All too often Kentuckians don’t get screened for colon cancer because of fear, embarrassment, lack of access and cost concerns, but with March being National Colorectal Awareness Month it is a good time to reconsider these concerns, know that preventive screenings are covered by most health plans, and recognize that a decision to get screened could save your life.
“Fear is one of the biggest barriers to colon cancer screening,” Patty Francis, program director for the Colon Cancer Prevention Project, a nonprofit advocacy organization in Louisville, said in an interview. “But don’t let these fears get in the way of getting screened. Talk to your doctor about screening options, because colon cancer is very treatable—very beatable—if found at an early stage.”
In fact, it is up to 90 percent curable if detected early, says the CCPP website.
And while Kentucky has made great strides in its age-eligible colon cancer screening rates, going from 35 percent in 1999 to 66 percent in 2012, there is still great room for improvement; more than one-third of age-eligible Kentuckians have still not been screened.
As of 2013, the latest year data are available, Kentucky led the nation in colon cancer and is ranked fourth for deaths caused by it, according to the CCPP website. The state has nearly 2,000 new cases of colon cancer each year and more than 850 Kentuckians die from it each year, according to the American Cancer Society.
Colon cancer screening options
The colonoscopy is considered the best way to detect or prevent colon cancer because it finds cancer in its early states, when there are no symptoms, and can also find and remove pre-cancerous polyps. Other tests include a flexible sigmoidoscopy or virtual colonoscopy, but these don’t allow the doctor to check inside the entire colon and remove polyps.
Colonoscopies, which involves the use of a thin, flexible tube to examine part of or all of the colon, have come a long way over the years. The once-dreaded “bowel prep,” which is taken the night before the procedure, has become more palatable and takes less time to work. And contrary to popular belief, the procedure is painless. Patients are given medication to help them relax before the procedure and it is performed under mild anesthesia. The procedure typically takes 20 to 30 minutes, unless there are polyps that have to be removed, which makes it go a bit longer.
Also, there are several non-invasive screening tests that check for blood in your stool, which can be a sign of precancerous polyps or colon cancer. A positive stool-based test typically requires a follow-up colonoscopy. These tests should be done once a year.
When should I get screened?
By the age of 40, everyone should talk to their physician about their risk of colon cancer and make a plan for screening. Those with inflammatory bowel disease, a family history of colon cancer or colorectal polyps, certain lifestyle factors or genetic predispositions are at higher risk of colon cancer, according to the federal Centers for Disease Control and Prevention.
Those with average risk should start screening by age 50. African Americans, who are at risk of getting colon cancer at an earlier age, should start at 45.
It is estimated that six out of 10 deaths from colon cancer could be prevented if everyone were screened at age 50, but you need to discuss your screening needs with your doctor at age 40, Andrea Shepherd, executive director of CCPP, said in an interview
“One of the biggest myths is that colon cancer is an old man’s disease, but one in 10 people who are diagnosed with colon cancer are under the age of 50,” Shepherd said. “Colon cancer does not see race; does not see age; it affects everybody.”
The American Cancer Society lists these symptoms: a change in bowel habits that lasts for more than a few days; a feeling that you need to have a bowel movement that is not relieved by doing so; rectal bleeding; blood in the stool, which may make the stool look dark; cramping or abdominal pain; weakness and fatigue; and unintended weight loss.
But remember, the most common symptoms are no symptoms.
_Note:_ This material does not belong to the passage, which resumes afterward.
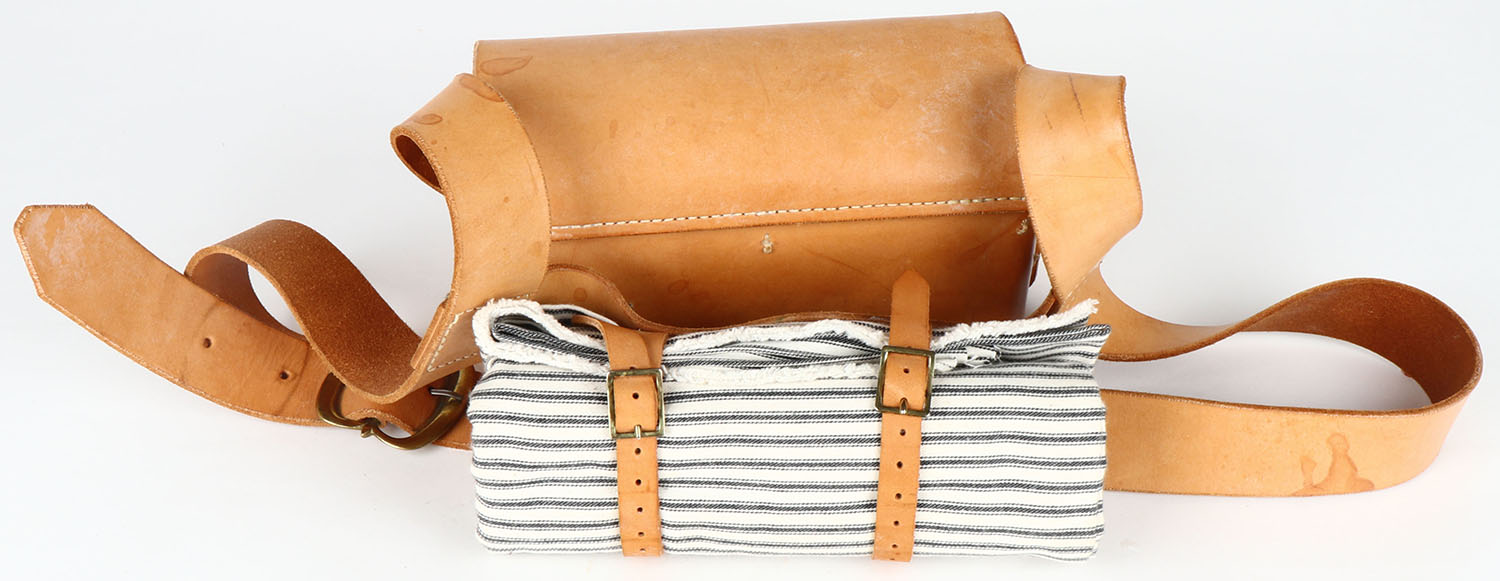 Leather sachel with towel and full of powder loads for flintlock or muzzleloader. Grade: Excellent ++ - Value: 20 to 60

Screening colonoscopies for those who have insurance, or not
Last year, a new state law made clear that screening colonoscopies had to be paid for by insurance, effective Jan. 1. This includes colonoscopies performed as a result of a positive fecal-blood test as well as polyps that are found and removed during the screening colonoscopy. Some physicians are still not aware of this clarification, so it is important to discuss costs before any procedure is performed. And note that there is an appeals process if you are charged, Laura Ungar reports for The Courier-Journal.
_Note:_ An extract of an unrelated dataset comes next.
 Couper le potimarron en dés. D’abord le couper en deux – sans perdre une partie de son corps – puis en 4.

The CCPP website says that this is not the case for Medicare patients, but their founder, Dr. Whitney Jones, is lobbying for this change in Washington, D.C.
Those who don’t have health insurance should contact the state’s Kentucky Colon Cancer Screening Program, which offers free screenings for qualified residents of Kentucky.
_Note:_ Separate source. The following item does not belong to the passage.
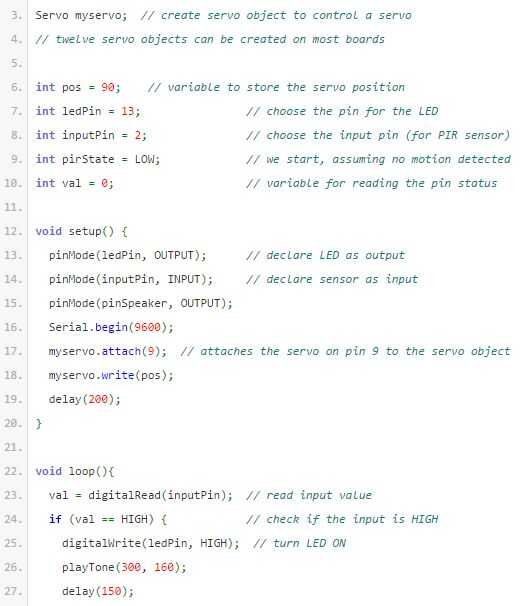 El código necesario para que el servo a trabajar cuando se detecta movimiento está disponible en este enlace.

This year, Rep. Tom Burch, D-Louisville, has sponsored House Bill 115, which would expand KCCSP services to those who are “underinsured” as funds are available. This bill has passed the House and now resides in the Senate Health and Welfare Committee.
Those without insurance and also don’t qualify for the KCCSP program, but who are at high risk and have had a positive fecal-blood test, should have their primary care provider contact the Surgery on Sunday program, which provides outpatient surgical procedures to income-eligible individuals and operates out of Lexington and Louisville, for possible help on getting screened.